When author John Draper set out to write “A Danger to God Himself,” he had one thing in mind—”To write a novel that would skewer Mormonism.” However, by the end of the process, his beliefs changed about his religion.
I sat down with Draper’s fiction novel to explore what made him change his beliefs. As someone who grew up in a predominately religious area with no religion myself, this book took me on a journey.
About eight years ago, Draper started inviting missionaries from The Church of Jesus Christ of Latter-Day Saints to his house and was perplexed by what they had to say.
“I was struck with the incongruity of it all,” he said. “These kids were so sure they knew the secret to happiness.”
When Draper set out to research the topic, he also researched the Latter-Day Saints religion and began to realize how different it was from his Protestant faith.
His novel sets out to explore the idea of schizophrenia in the LDS religion, particularly with missionaries. He began thinking of what would happen if a young missionary were to feel the effects of schizophrenia while on their mission.
Schizophrenia is a chronic, severe and disabling brain disorder that can cause people to hear voices, believe that other people are reading their minds and think others are plotting to harm them.
As Draper continued his research and his writing, he began to think differently about his subject. Draper realized that perhaps the way he approached his beliefs in God weren’t so different from the missionaries he let into his home.
Upon finishing the book, Draper said he felt liberated.
“I finished the novel in the light of this new perception,” he said.
While he set out to criticize the LDS religion, he really ended up writing about the fallacy of religious certainty, quoting Voltaire’s remark that “Doubt is uncomfortable, certainty is ridiculous.”

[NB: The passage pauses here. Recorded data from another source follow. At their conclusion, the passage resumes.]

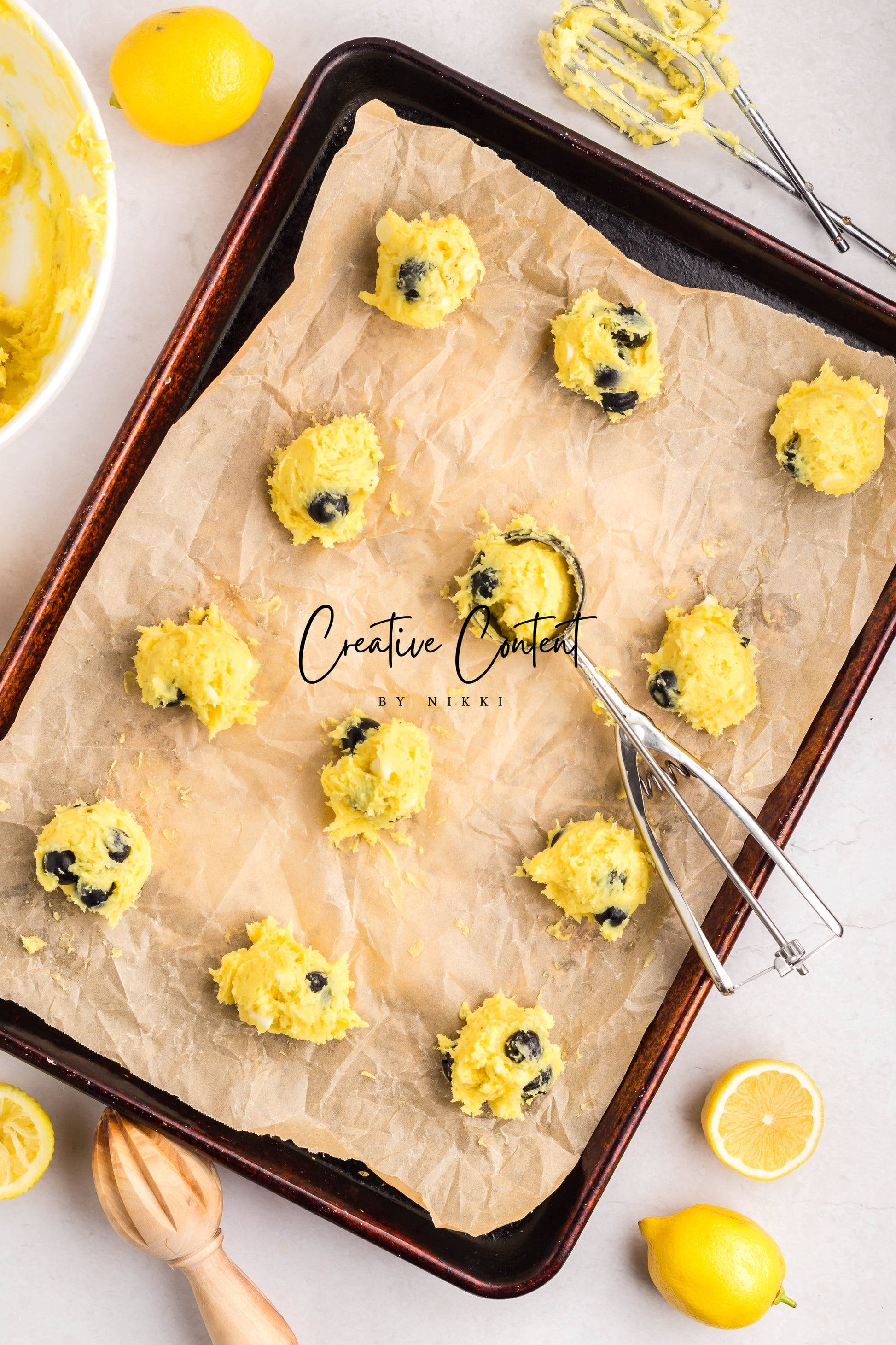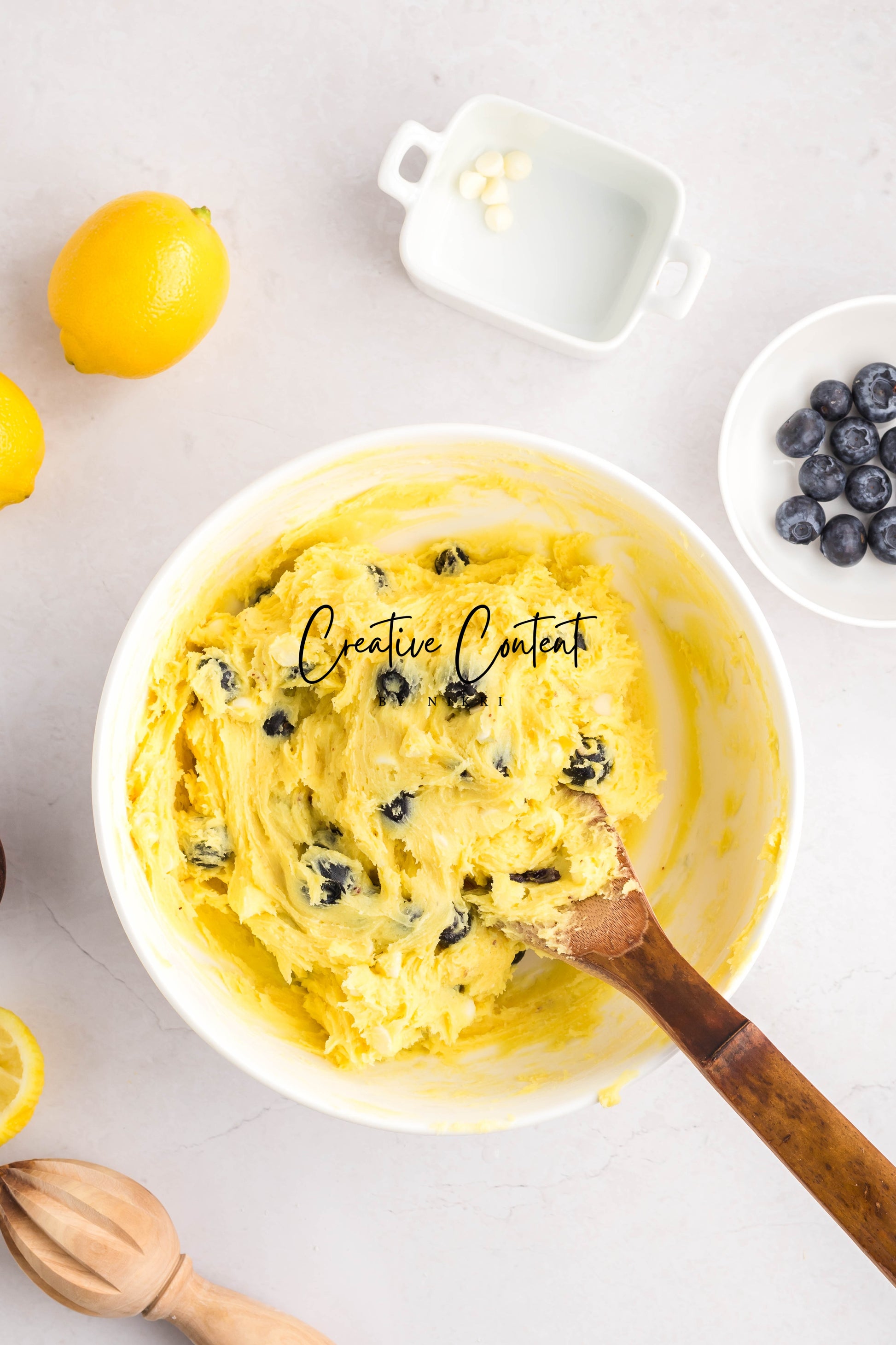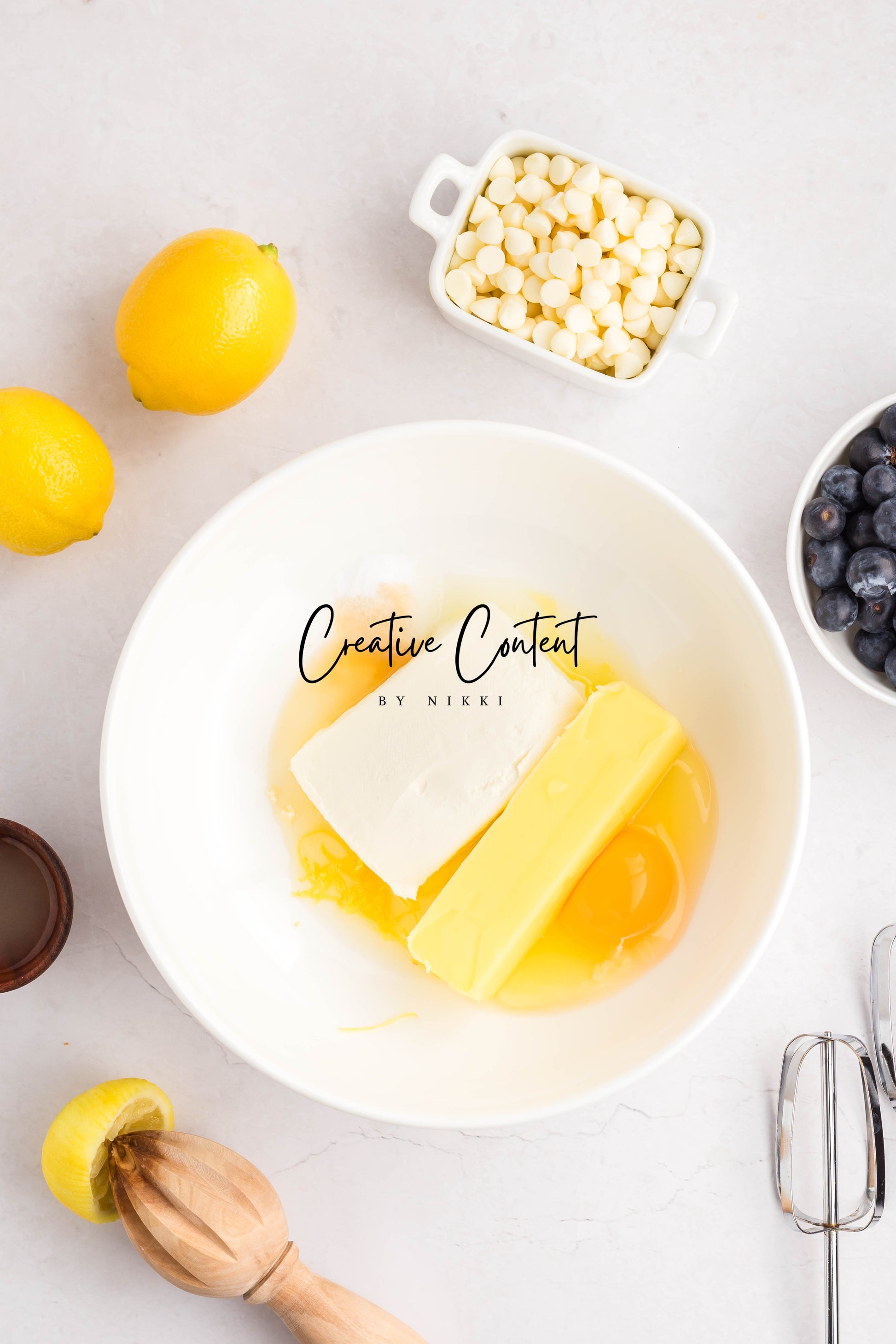 - Ingredients: cream cheese, butter, egg, lemon juice, baking powder, vanilla extract, lemon cake mix, blueberries, white chocolate chips, and powdered sugar.
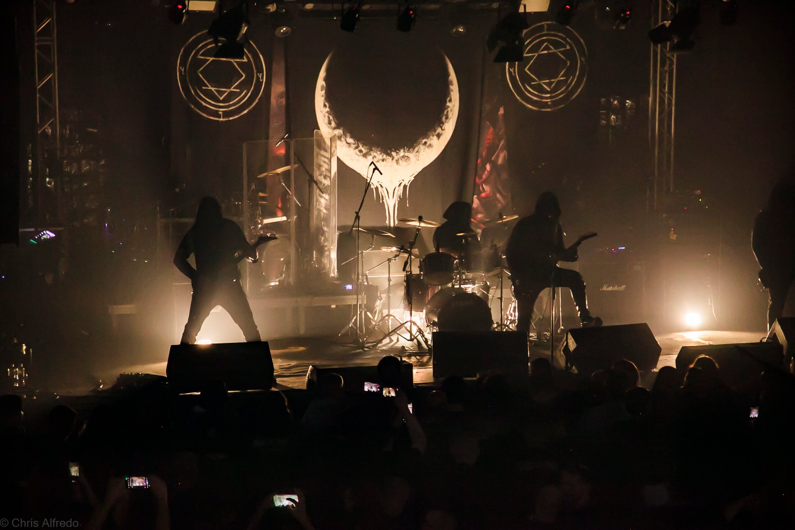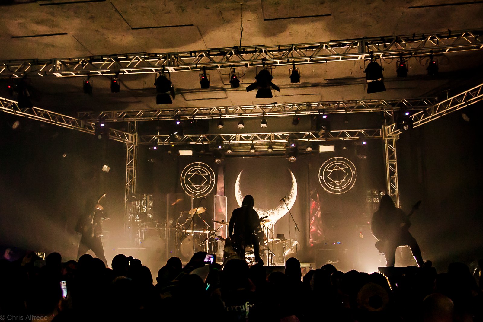 A abertura ficou por conta dos norte-americanos do Uada, que acompanham o Cradle of Filth em toda a turnê. O quarteto de Black Metal entregou um show denso, hipnótico e envolto em completa escuridão, literalmente. A escolha estética da quase ausência de iluminação no palco foi tão marcante quanto polêmica, dificultando bastante o trabalho dos fotógrafos. O fato é que a performance da banda foi comentada intensamente, ainda assim, o clima sombrio e a atmosfera ritualística conquistaram os presentes, funcionando como uma preparação perfeita para a catarse que viria a seguir com os britânicos.
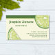 A ilustração de Destei das frutas de limões em fatias. O topo tem uma borda verde decorativa. Há também áreas de texto personalizáveis para nome, profissão e informações de contato.
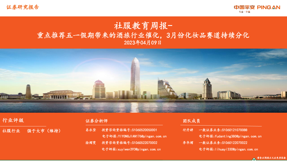 【平安证券】【20230409】社服教育周报:重点推荐五一假期带来的酒旅行业催化,3月份化妆品赛道持续分化-15页
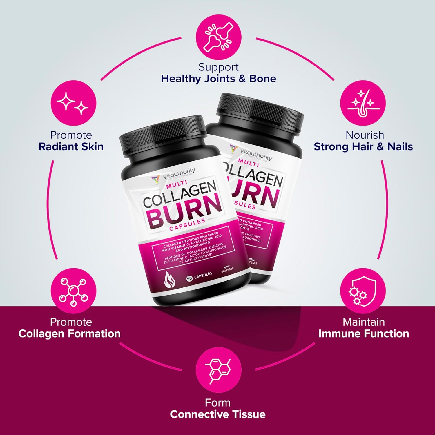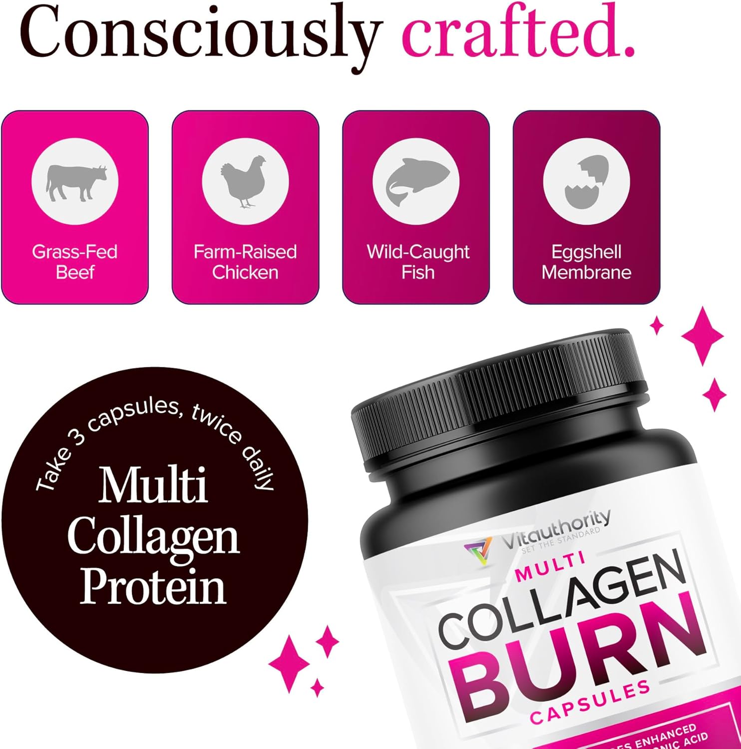 Multi Collagen Burn: Multi-Type Hydrolyzed Protein Peptides with Hyaluronic Acid, Vitamin C, SOD B Dimpless, Types I, II, III, V and X Collagen, Caffeine-Free (Unflavored Capsules)
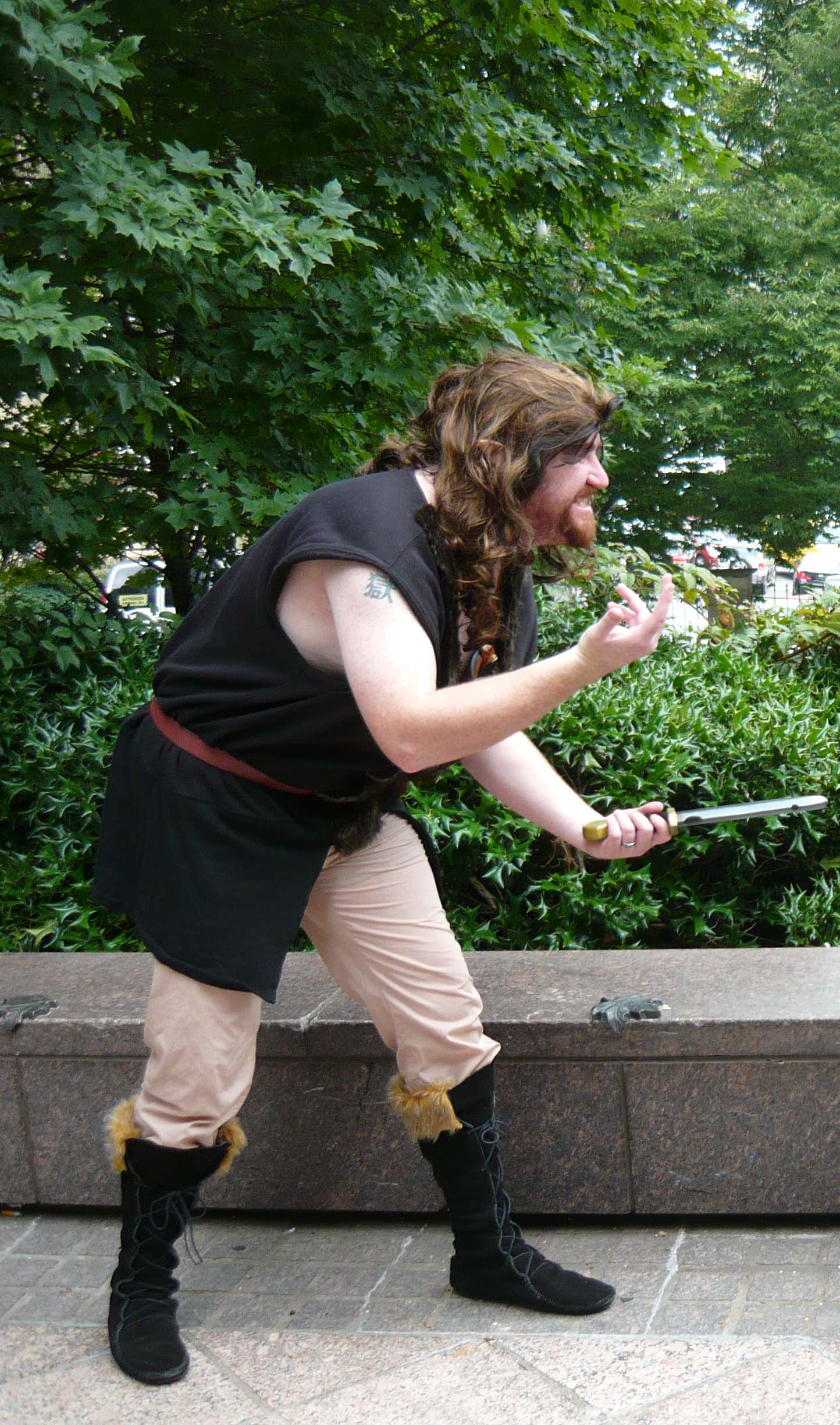 For my Husband, I had requested he dress as Bearclaw, because I liked the character. He is very cunning and well… not to bad to look at. For his costume we used the large elf ears mostly because they could fit my husbands ears well. For the costume I made him a tunic out of simple knit fabric for comfort and also so he did not over heat. I glued on the fir trim myself and he added the trim to a pair of moccasins. He already owned the belt and the cotton pants, but I did dye the pants to make them a bit more tan and because it also added a bit of texture to the look of the pants. The wig we bought and styled ourselves and the necklace was made from a large claw and cord from Tandy Leather.

As someone who is not religious, it was easy to get into this book. It’s smart, well structured and the storyline is downright interesting. Even though I’ve lived in Utah my entire life, I never knew much about the religion, but Draper’s book offers real insight. I frequently found myself asking, “Is that what it’s really like?” When characters were going through their routines at church, discussing rules they follow or talking about how the religion affects their family life, I was genuinely interested because it was all so new to me.
While it fascinating to learn about a religion, it was often easy to get lost in the Bible quotations and other religious references. There are areas in the book that confused me, but there are many places where Draper takes the time to explain what a certain aspect of the religion means, which, to an objective reader, was very helpful.
The book takes on a very real quality throughout, and the characters are relatable. It doesn’t feel as if Draper is making up outlandish things that his readers can’t follow. No one is perfect, and the characters in this book exhibit that as well. Similarly, the vocabulary that Draper uses really adds to the characters’ personalities.
Like Draper said, the book seeks to explore the meaning of different aspects of religion, such as inconsistencies and questions about what they believe. The central characters often do this, and it’s engaging to read and share their thought processes. Also, Draper demonstrates some of the tension that comes with being affiliated with other religions and how the LDS church differs from others.
Overall, this book is a great read. If you’re looking for something to make you think, this definitely will. Draper also has a blog that explores other topics that go along with the book. Draper’s book is available on Amazon as a Kindle version or a paperback version.